Из числа помещиков, коих посетили мы на сем пути, двое-трое жили истинно по-барски; это были братья Хрущовы, Арапов и Вельяшев. Если когда-нибудь случится мне опять встретиться с ними в моих воспоминаниях, то, может быть, скажу об них несколько слов. Теперь поговорю об одном приезжем из Петербурга барине, у которого в деревне довольно скучно (для меня по крайней мере) должны мы были пробыть почти сутки. Еще в Киеве, останавливаясь с кавалерийским полком, комм он начальствовал, Михайло Алексеевич Обрезков познакомился с моими родителями. При Павле подвергся он общей участи, был произведен генералом, украшен лентой, потом отставлен и сослан; при Александре опять был принят в службу, но сначала только числился в ней и жил, где хотел. После покойной жены его, урожденной Талызиной, досталось ему с детьми богатое наследство в Пензенской губернии, — бесконечная лесная дача, при коей устроил он обширный винокуренный завод; в это имение, которое тогда было единственным источником его доходов, приезжал он по временам хозяйничать.
Отец его был нашим посланником в Константинополе; там нашел он себе жену, в этой странной касте, в этой помеси, составленной из людей всех европейских наций, не имеющих отечества и употребляемых миссиями всех держав; от неё произошел наш Обрезков и, кажется, наследовал всей безнравственности её родственников.
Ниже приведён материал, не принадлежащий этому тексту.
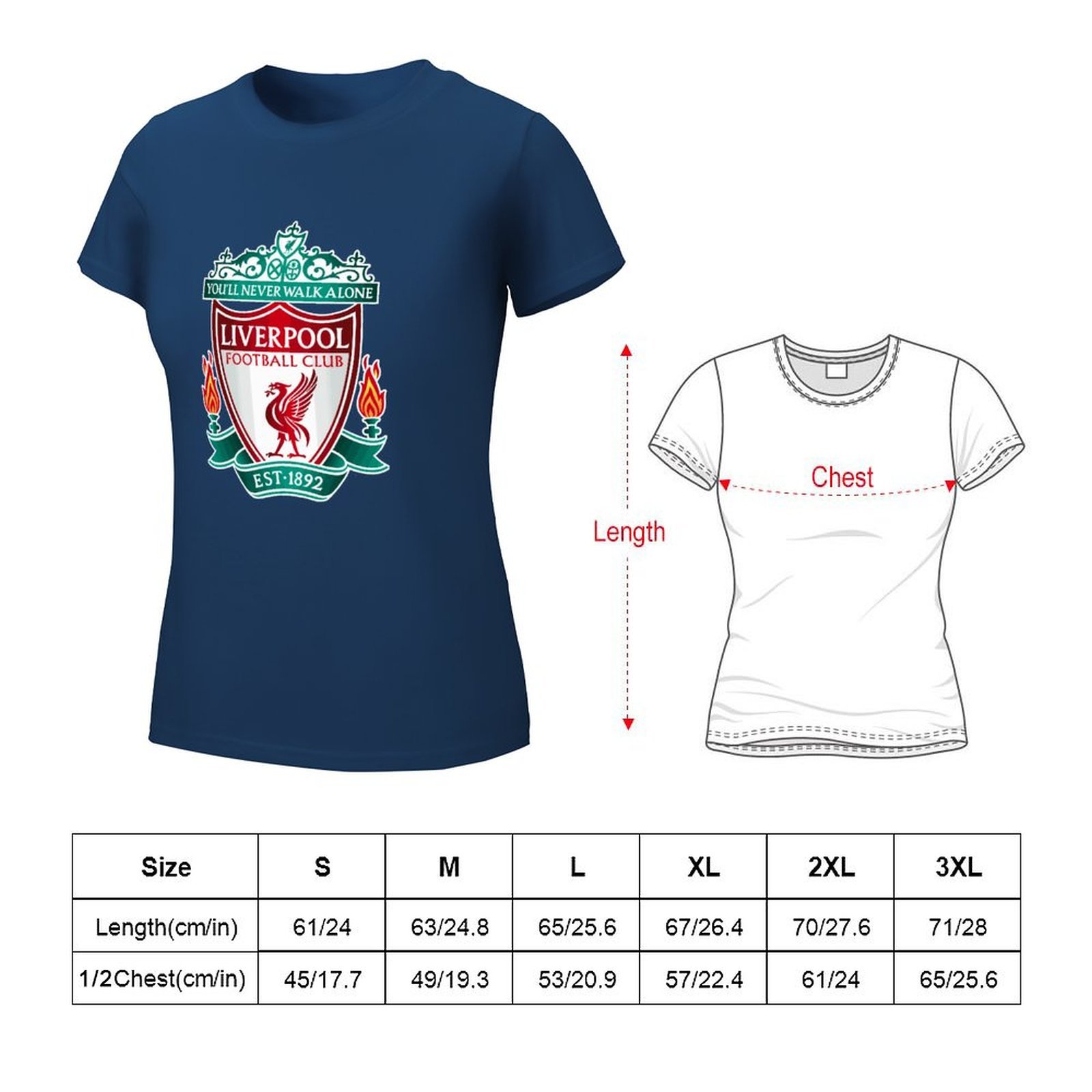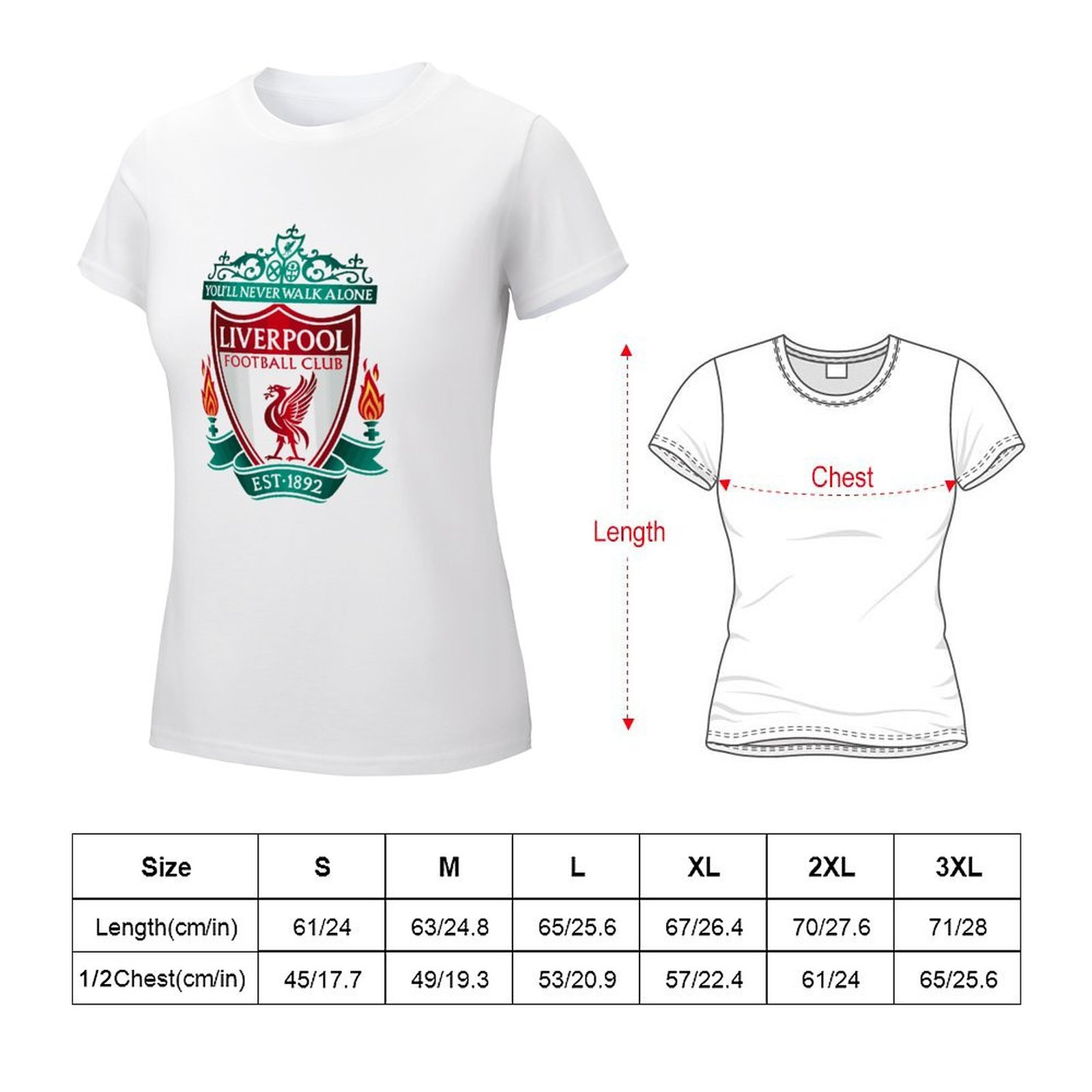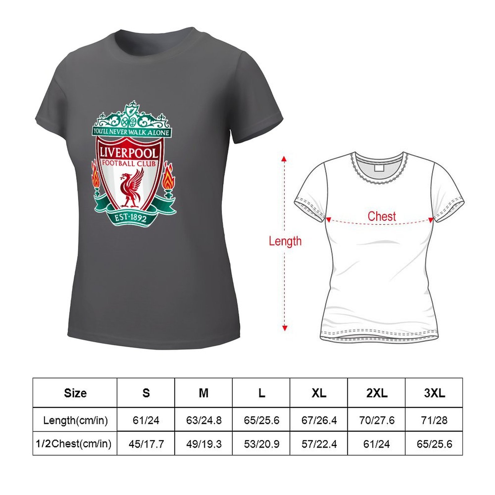 FC Liverpool Damen Kurzarm Rundhals T-Shirt Casual Sommer Tops

Есть пороки, которые вредят успехам человека, им подвластного, которые даже губят его; есть напротив другие, которые способствуют его возвышению, обогащению. Одни только последние имел г. Обрезков. От Востока, где он родился, принял он вместе с жизнью неутомимую алчность к её наслаждениям; а Европа восемнадцатого века научила его действовать осторожно, но не отступать ни от каких средств к достижению желаемого. Он получил прекрасное светское образование, имел много основательности, особенно расчетливости в уме; но ни единого похвального, благородного чувства, я уверен в том, не ощутил он ни разу в душе своей. Не знаю, чему более можно было дивиться, безумию ли его спеси, или бесстыдству его подлости? От одного к другому никто еще, как он, так быстро не умел переходить: сегодня имеет он в вас нужду, хотя не очень великую, и готов вместо ковра расстилаться под ногами вашими; но она удовлетворена, вы ему бесполезны, и завтра же станет он вас мерить глазами и обдаст презрительным, нестерпимым холодом. В Петербурге жил он в самом аристократическом кругу и (еще раз прошу позволения заимствовать у французского языка, чего нет в нашем), владея в совершенстве жаргоном большего света, постоянно в нём удерживался. Там разумеется был он умереннее, там с каждым умел он очень тонко оттенять свое обхождение; только вне его предавался он крайностям и готов был плевать на ту руку, которую вчера лизал.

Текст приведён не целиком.